▶ _RECORDS FOR THIS TASK_
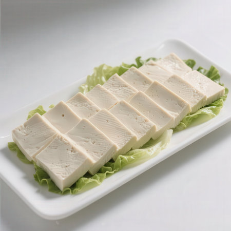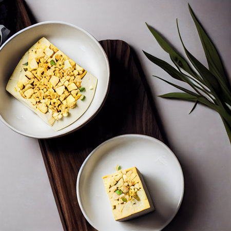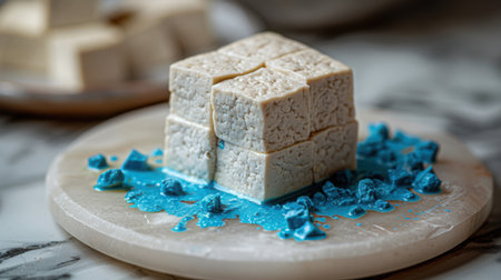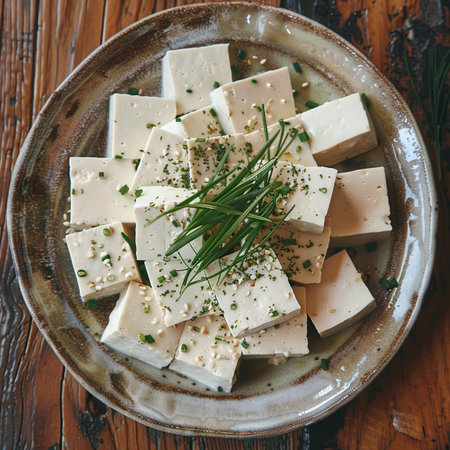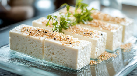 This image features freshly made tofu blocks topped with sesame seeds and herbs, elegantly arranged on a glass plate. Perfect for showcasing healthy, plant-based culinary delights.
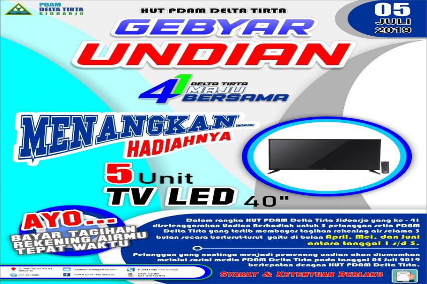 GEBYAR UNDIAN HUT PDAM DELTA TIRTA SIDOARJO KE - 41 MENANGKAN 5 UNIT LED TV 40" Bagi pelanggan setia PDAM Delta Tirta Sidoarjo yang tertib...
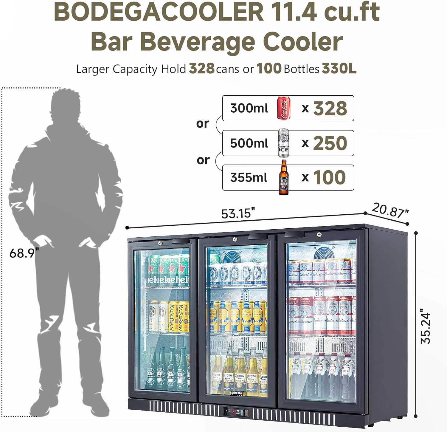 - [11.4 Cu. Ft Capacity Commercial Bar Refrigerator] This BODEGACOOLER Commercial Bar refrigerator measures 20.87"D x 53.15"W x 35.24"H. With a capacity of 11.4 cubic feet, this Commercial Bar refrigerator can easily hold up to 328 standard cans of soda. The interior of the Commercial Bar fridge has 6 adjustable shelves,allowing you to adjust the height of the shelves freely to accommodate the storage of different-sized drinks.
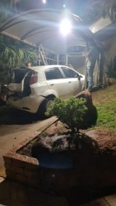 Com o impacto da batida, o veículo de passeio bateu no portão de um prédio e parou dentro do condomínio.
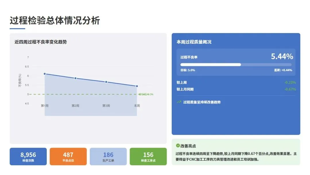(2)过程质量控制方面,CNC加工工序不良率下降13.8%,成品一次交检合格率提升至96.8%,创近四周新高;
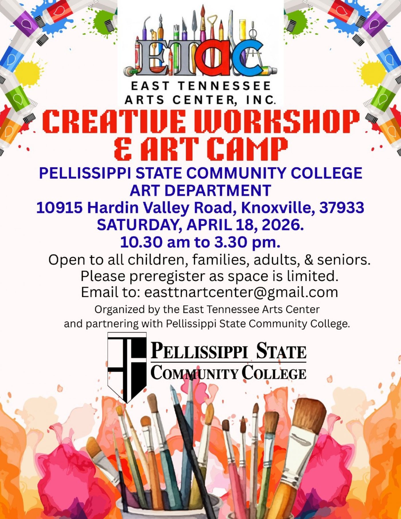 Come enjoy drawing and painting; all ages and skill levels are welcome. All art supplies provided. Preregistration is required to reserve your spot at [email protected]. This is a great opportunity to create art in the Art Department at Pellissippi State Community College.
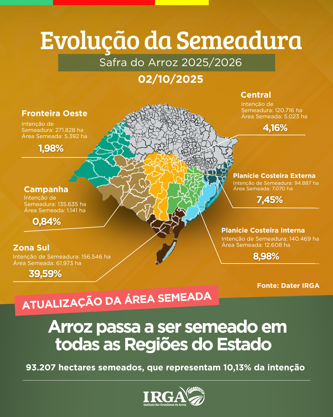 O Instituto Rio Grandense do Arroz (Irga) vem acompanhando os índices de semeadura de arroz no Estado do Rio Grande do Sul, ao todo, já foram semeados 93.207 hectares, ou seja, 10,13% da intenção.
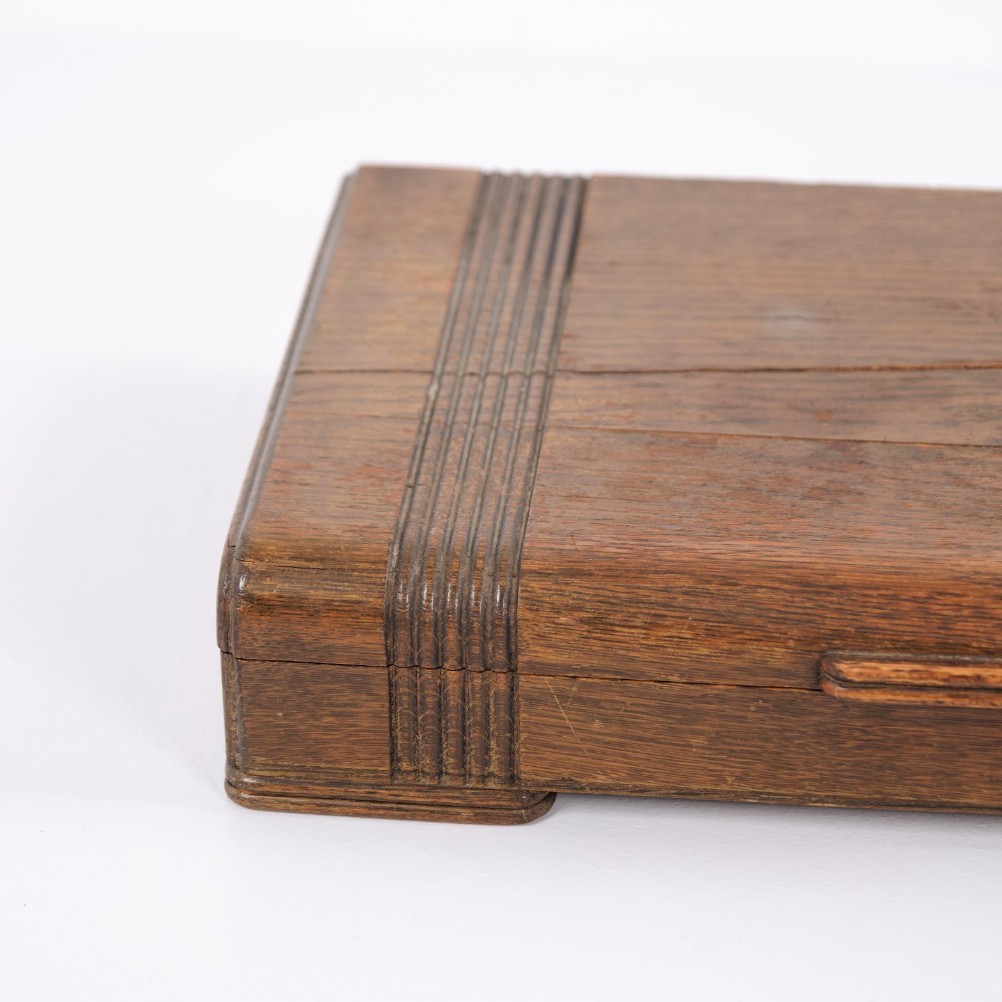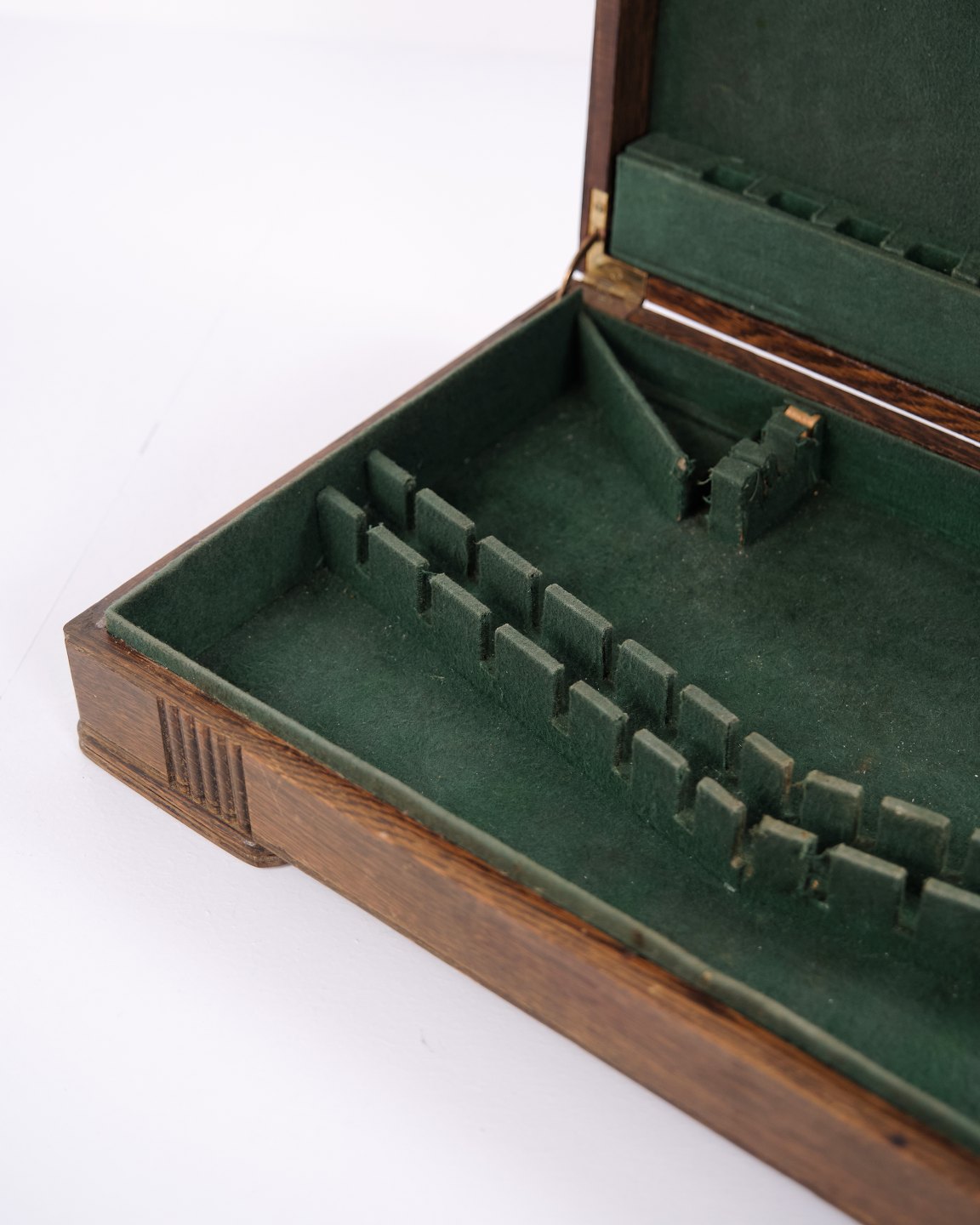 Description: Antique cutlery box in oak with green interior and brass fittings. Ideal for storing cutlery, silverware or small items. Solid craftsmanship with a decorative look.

--

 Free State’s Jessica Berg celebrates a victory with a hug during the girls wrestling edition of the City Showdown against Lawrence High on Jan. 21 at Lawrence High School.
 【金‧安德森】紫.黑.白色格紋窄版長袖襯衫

==

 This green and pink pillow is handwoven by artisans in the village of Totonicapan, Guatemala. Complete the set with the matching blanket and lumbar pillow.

▶ _TRY IT_
Print nothing but the lines above starting with the line that contains "This image features" and going on through the line that contains "(2)过程质量控制方面,CN". Leave out the pictures.

▶ _EXERCISE RESULT_
 This image features freshly made tofu blocks topped with sesame seeds and herbs, elegantly arranged on a glass plate. Perfect for showcasing healthy, plant-based culinary delights.
 GEBYAR UNDIAN HUT PDAM DELTA TIRTA SIDOARJO KE - 41 MENANGKAN 5 UNIT LED TV 40" Bagi pelanggan setia PDAM Delta Tirta Sidoarjo yang tertib...
 - [11.4 Cu. Ft Capacity Commercial Bar Refrigerator] This BODEGACOOLER Commercial Bar refrigerator measures 20.87"D x 53.15"W x 35.24"H. With a capacity of 11.4 cubic feet, this Commercial Bar refrigerator can easily hold up to 328 standard cans of soda. The interior of the Commercial Bar fridge has 6 adjustable shelves,allowing you to adjust the height of the shelves freely to accommodate the storage of different-sized drinks.
 Com o impacto da batida, o veículo de passeio bateu no portão de um prédio e parou dentro do condomínio.
(2)过程质量控制方面,CNC加工工序不良率下降13.8%,成品一次交检合格率提升至96.8%,创近四周新高;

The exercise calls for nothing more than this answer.